»»

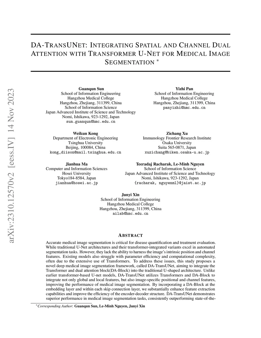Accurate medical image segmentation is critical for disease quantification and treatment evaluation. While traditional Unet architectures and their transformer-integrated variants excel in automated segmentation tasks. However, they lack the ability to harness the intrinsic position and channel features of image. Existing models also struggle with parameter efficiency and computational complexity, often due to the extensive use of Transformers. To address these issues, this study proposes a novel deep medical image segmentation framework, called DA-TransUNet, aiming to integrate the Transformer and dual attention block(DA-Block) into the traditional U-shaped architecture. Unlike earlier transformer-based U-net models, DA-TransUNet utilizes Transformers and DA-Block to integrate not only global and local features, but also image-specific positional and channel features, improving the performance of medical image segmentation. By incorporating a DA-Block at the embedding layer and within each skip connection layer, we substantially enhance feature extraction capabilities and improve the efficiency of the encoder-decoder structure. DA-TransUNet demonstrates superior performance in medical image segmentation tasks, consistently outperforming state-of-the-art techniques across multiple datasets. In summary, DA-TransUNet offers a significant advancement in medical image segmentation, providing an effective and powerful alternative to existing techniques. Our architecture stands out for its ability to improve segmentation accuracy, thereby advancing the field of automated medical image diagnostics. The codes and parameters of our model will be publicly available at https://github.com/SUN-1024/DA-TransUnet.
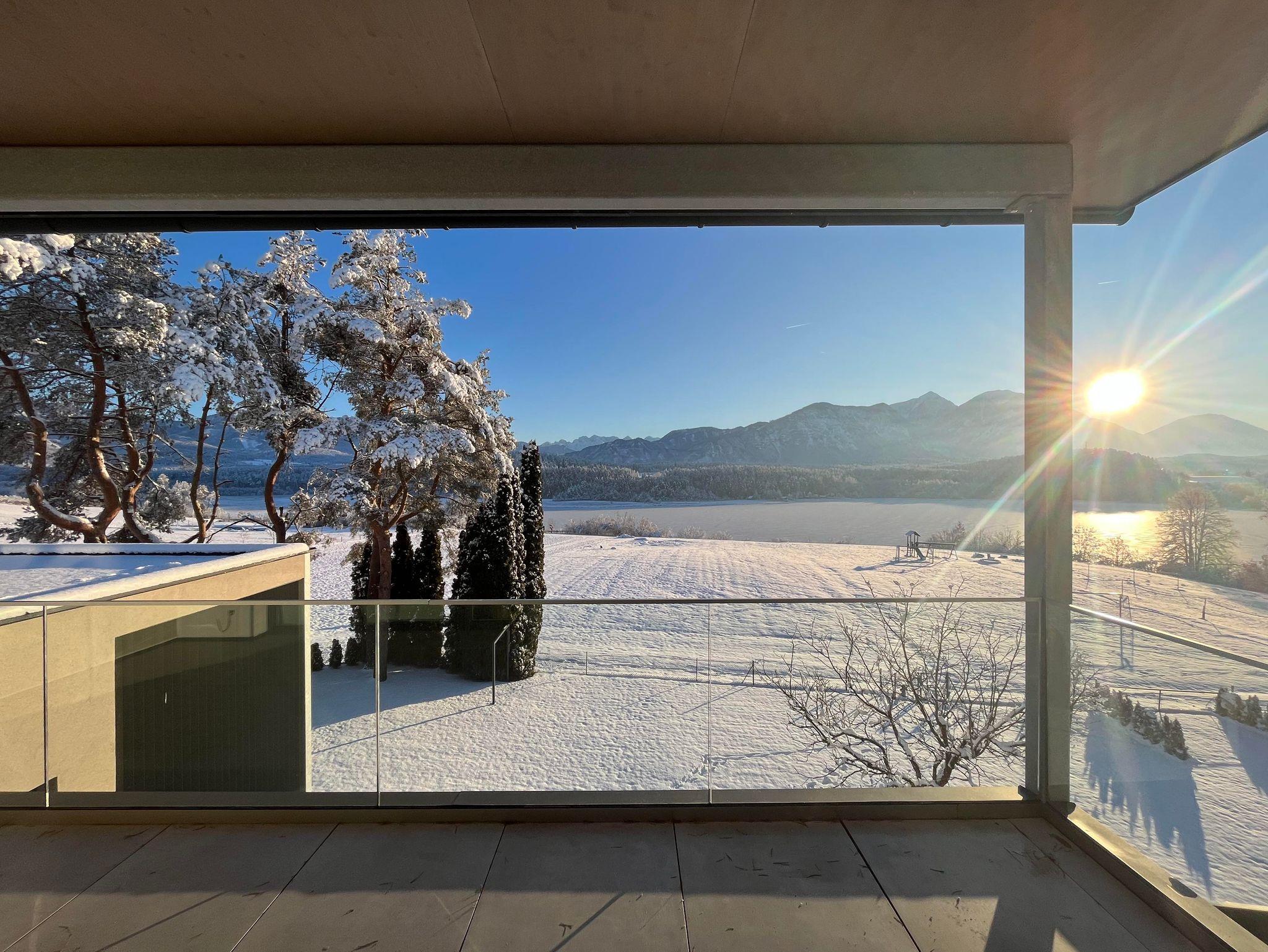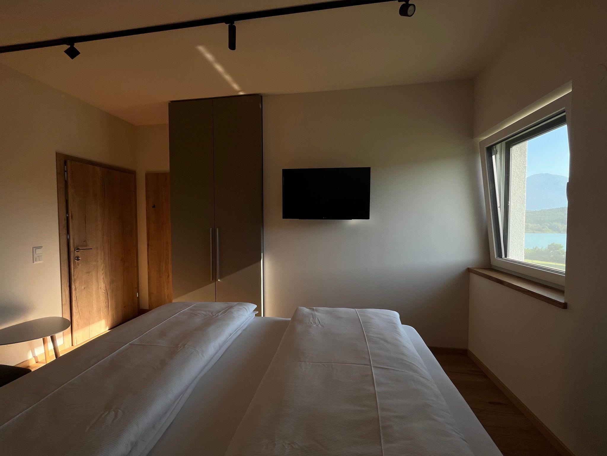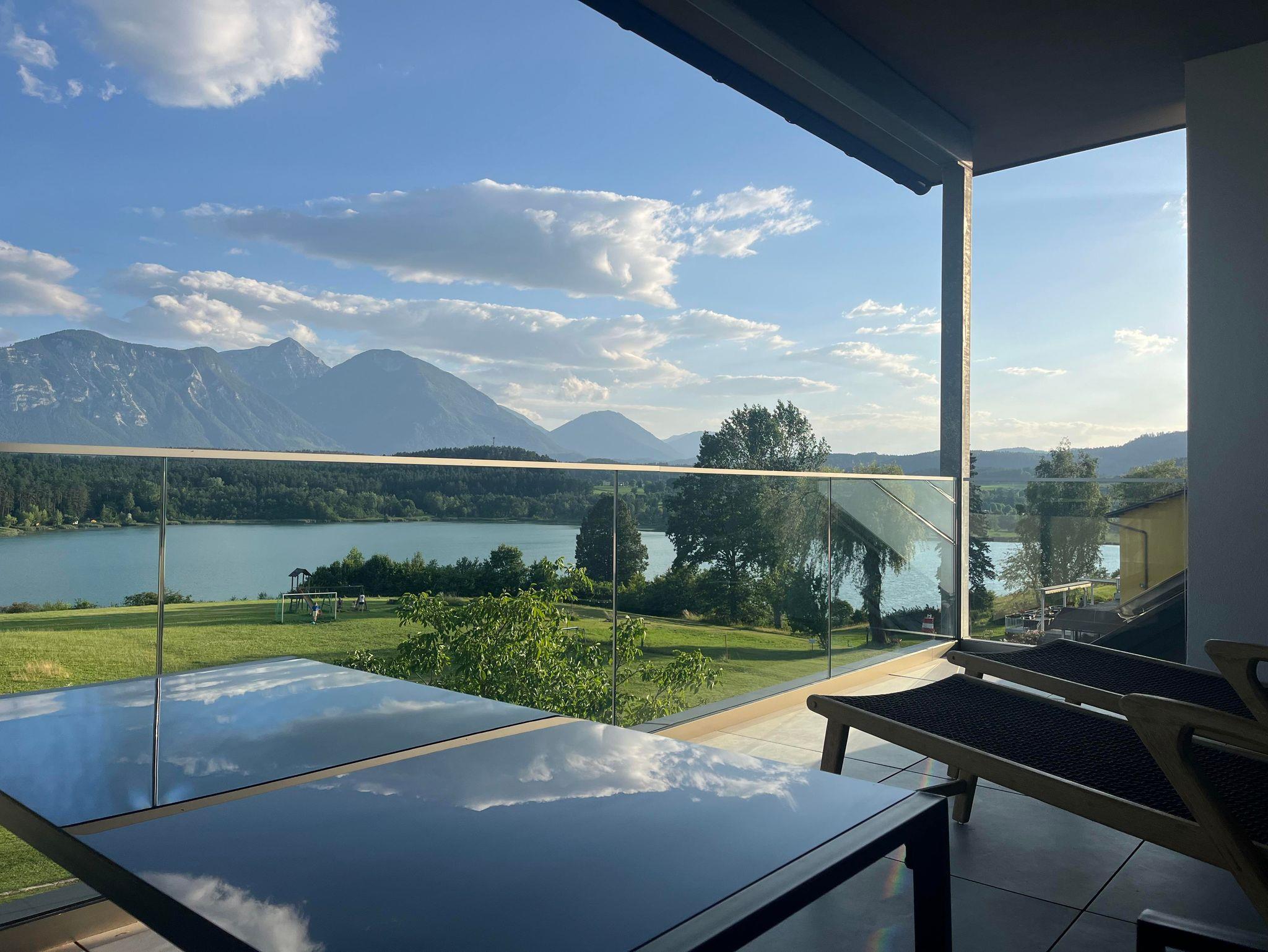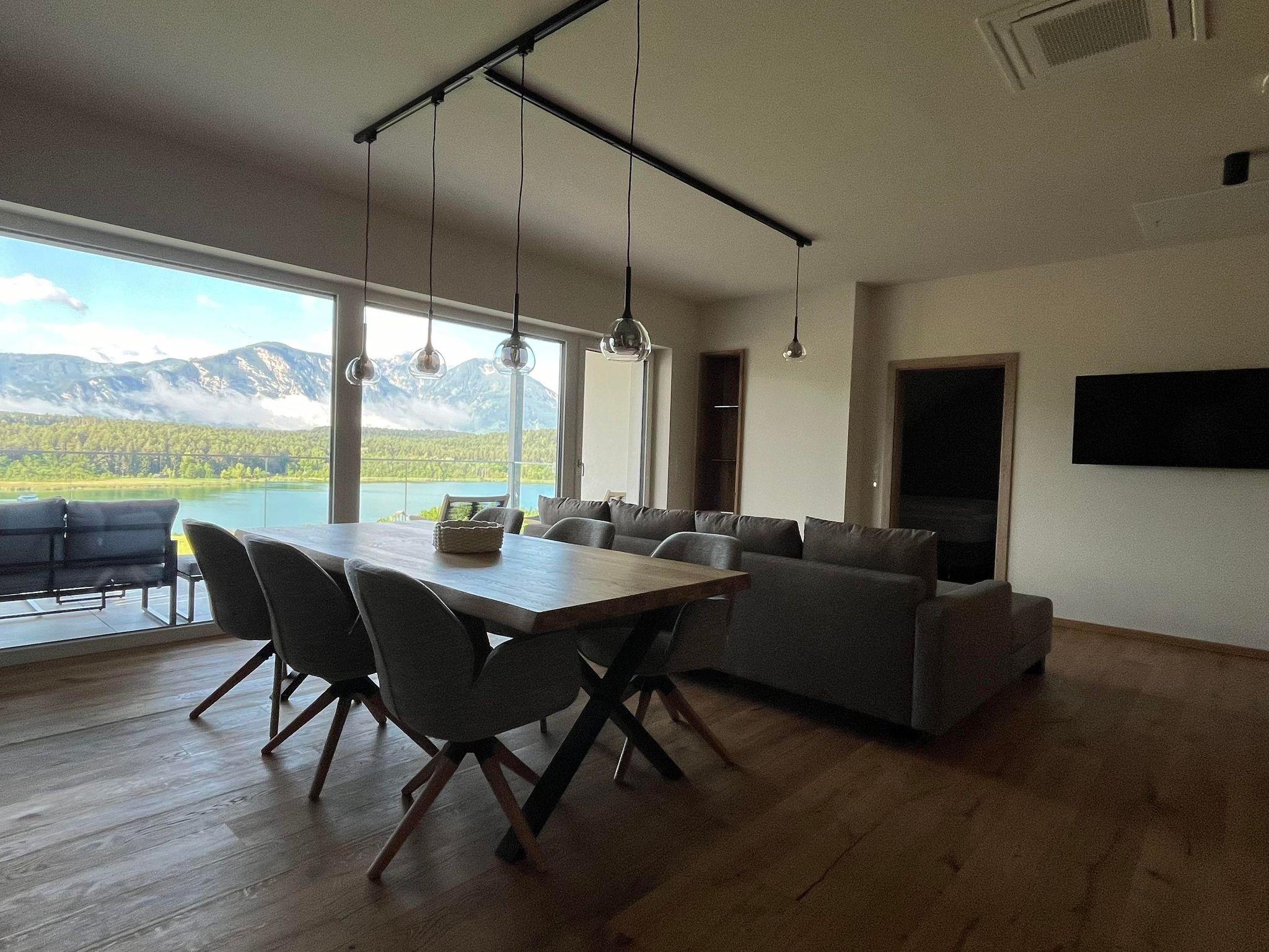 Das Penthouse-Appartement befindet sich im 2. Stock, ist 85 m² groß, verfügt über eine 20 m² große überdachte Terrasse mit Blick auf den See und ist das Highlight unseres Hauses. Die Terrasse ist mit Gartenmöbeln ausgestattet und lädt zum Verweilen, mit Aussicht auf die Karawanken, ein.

««
»»

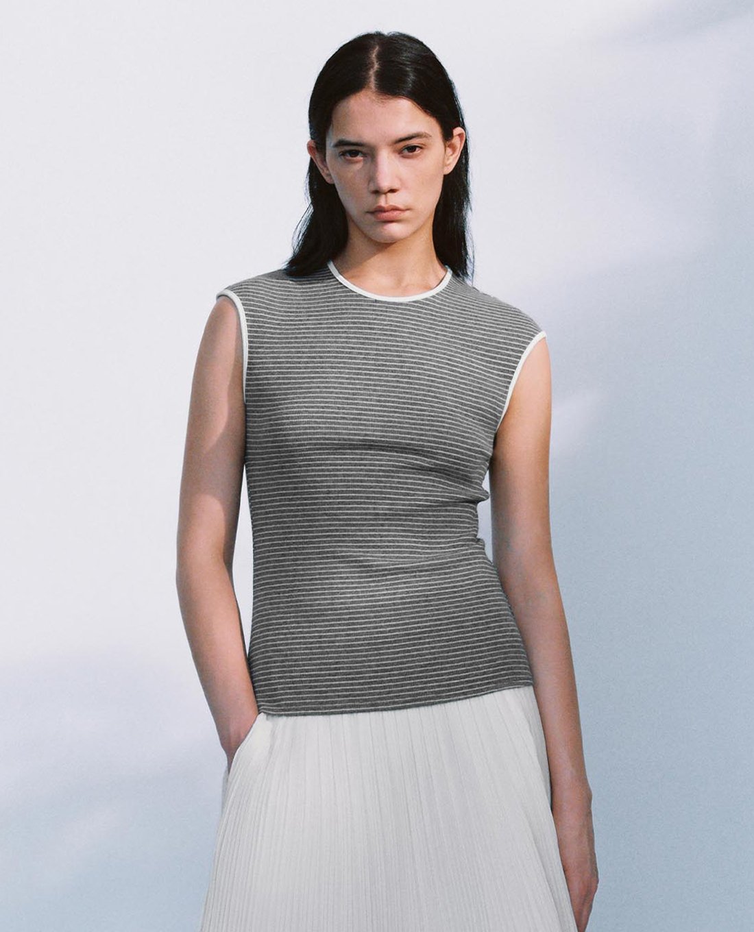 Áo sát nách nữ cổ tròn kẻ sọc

««

Work instructions: Transcribe the lines above exactly, beginning at the one with "Accurate medical image" and ending at the one with "Das Penthouse-Appartement befindet". Include both; exclude the pictures.

Exercise result:
Accurate medical image segmentation is critical for disease quantification and treatment evaluation. While traditional Unet architectures and their transformer-integrated variants excel in automated segmentation tasks. However, they lack the ability to harness the intrinsic position and channel features of image. Existing models also struggle with parameter efficiency and computational complexity, often due to the extensive use of Transformers. To address these issues, this study proposes a novel deep medical image segmentation framework, called DA-TransUNet, aiming to integrate the Transformer and dual attention block(DA-Block) into the traditional U-shaped architecture. Unlike earlier transformer-based U-net models, DA-TransUNet utilizes Transformers and DA-Block to integrate not only global and local features, but also image-specific positional and channel features, improving the performance of medical image segmentation. By incorporating a DA-Block at the embedding layer and within each skip connection layer, we substantially enhance feature extraction capabilities and improve the efficiency of the encoder-decoder structure. DA-TransUNet demonstrates superior performance in medical image segmentation tasks, consistently outperforming state-of-the-art techniques across multiple datasets. In summary, DA-TransUNet offers a significant advancement in medical image segmentation, providing an effective and powerful alternative to existing techniques. Our architecture stands out for its ability to improve segmentation accuracy, thereby advancing the field of automated medical image diagnostics. The codes and parameters of our model will be publicly available at https://github.com/SUN-1024/DA-TransUnet.
 Das Penthouse-Appartement befindet sich im 2. Stock, ist 85 m² groß, verfügt über eine 20 m² große überdachte Terrasse mit Blick auf den See und ist das Highlight unseres Hauses. Die Terrasse ist mit Gartenmöbeln ausgestattet und lädt zum Verweilen, mit Aussicht auf die Karawanken, ein.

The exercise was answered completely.